And while we know that breastfeeding has incredible benefits for our little ones, there’s no denying that breastfeeding is hard work.

And unfortunately, most of the burden does seem to fall on the mum. But listen up, dads! You can do plenty of things ― priceless ways you can help your wife – to help her shoulder this task of breastfeeding your child.

Here are 10 ways you can help your wife succeed in her nursing journey.

1. Learn about breastfeeding

Even before bubba arrives, dads can pick up a book or two to learn about the benefits, and potential challenges of breastfeeding. Another option is to take breastfeeding class ― most hospitals have them all year round.

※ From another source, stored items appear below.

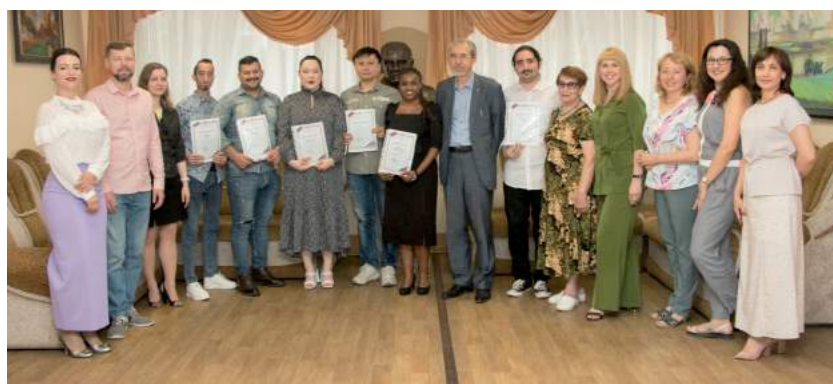
Торжественное вручение свидетельств об обучении слушателям подготовительного отделения для иностранных граждан. 29 июня 2023 г.
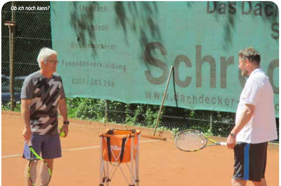
Ob ich noch kann?
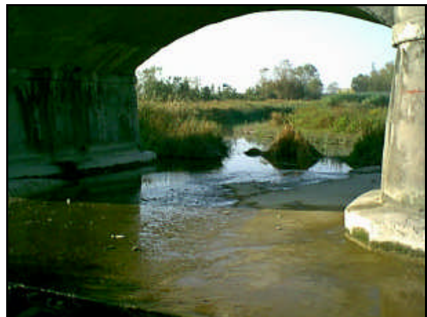
Foce del fiume Metauro
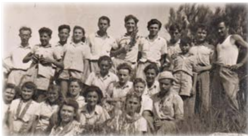
אני יושבת שנייה, למטה מימין, בטיול מאילון לחניתה, אפריל 1948

עלינו על טנדר קטן ללא גג. "אתם נוסעים לטייל היום בסביבה, לקיבוץ חניתה הסמוך". הטנדר קיפץ בדרך על פני מהמורות, בשביל העפר שהתפתל בעלייה לקיבוץ. גלגליו נמלאו בבוץ, אבל למזלנו לא שקעו,
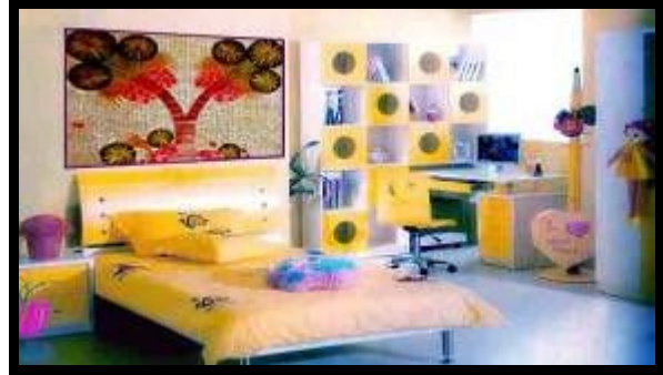
شكل (٢٨) النموذج التوظيفي رقم (٧)

http://www.kassioun.org/index.php?mode=archivebody&id=201759
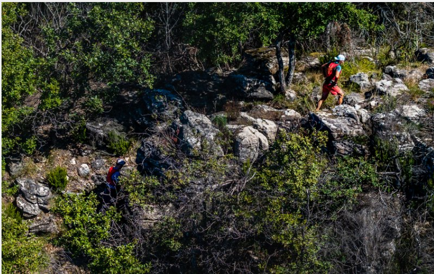
Montée de Dourbiette (Fest'Trail)
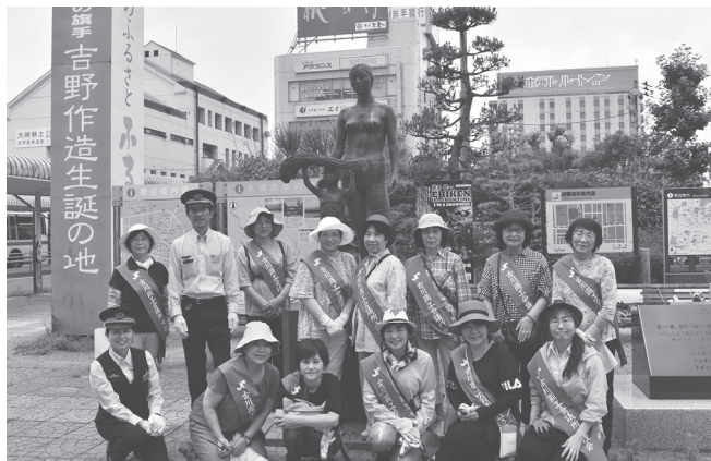
駅長さんたちと一緒に

また、今回から地域や団体が取り組むゴミ拾いの様子や成果を発信できる「ゴミ拾い促進プラットフォームピリカ」に本活動記録を投稿した。
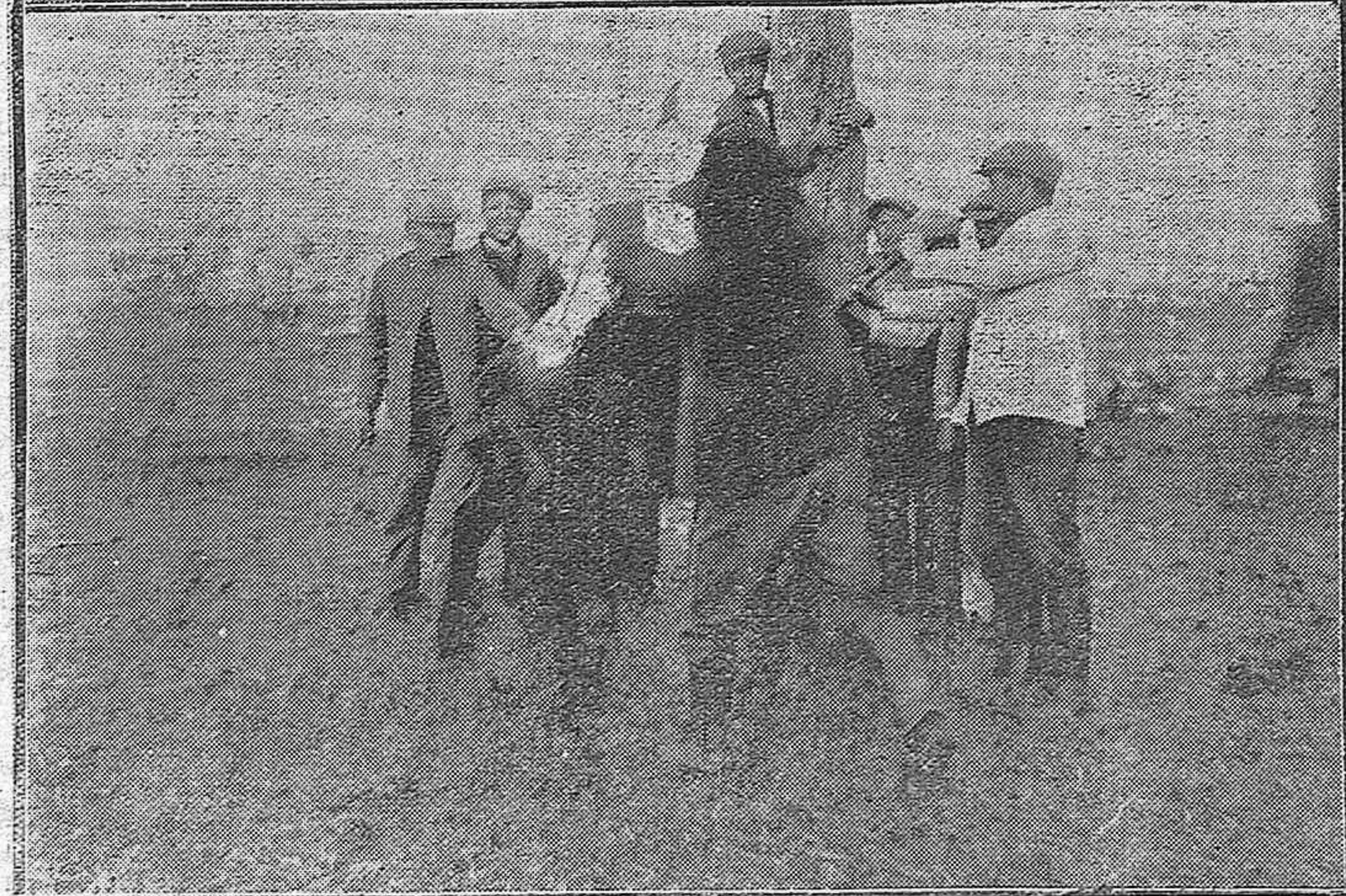
POR LOS CAMPOS CORDOBESES.—Aspecto de una casa de campo en la campiña de Córdoba.—La operación de aplicar el hierro a un muleto en el patio de una casa de labor.

Make sure you know some key facts ― like how long each breastfeeding session should last, how often your baby should feed, and what to do if your wife feels pain on her nipples, or is engorged.

Whether you should offer these nuggets of information is secondary ― the whole idea is that your wife feels that she’s supported, and not alone on this breastfeeding journey.

Gently and firmly remind them that while you know they are trying to help, their comments may be counterproductive.

2. Be encouraging

Did we mention that breastfeeding was tough? Your wife may shed tears and say harsh words, especially while she ― as a new mum ― is going through a roller-coaster of hormonal changes. It’s up to you to gently keep her going.

Compliment her on her strength and dedication, and tell her what an amazing mum she is. Tell her she looks beautiful ― sometimes, it’s what a woman really needs to hear as she goes through 3am feedings with leaky breasts. Says mum of two Nora Ashikin, “Everyone else can say what they want, but as long as I knew I had my husband’s support, I would persevere through breastfeeding.”

3. Be her gatekeeper

Friends and relatives may long to see your newborn, and you’re probably receiving countless text messages asking when it’s a good time to visit. But you’ll know that there’s no set schedule to your peewee’s next feed, plus, if your wife gets stressed and feels flustered when bubba is crying, entertaining visitors will be the last thing on her mind. “Defend” her from the crowds, and provide her with a quiet and secure environment to nurse.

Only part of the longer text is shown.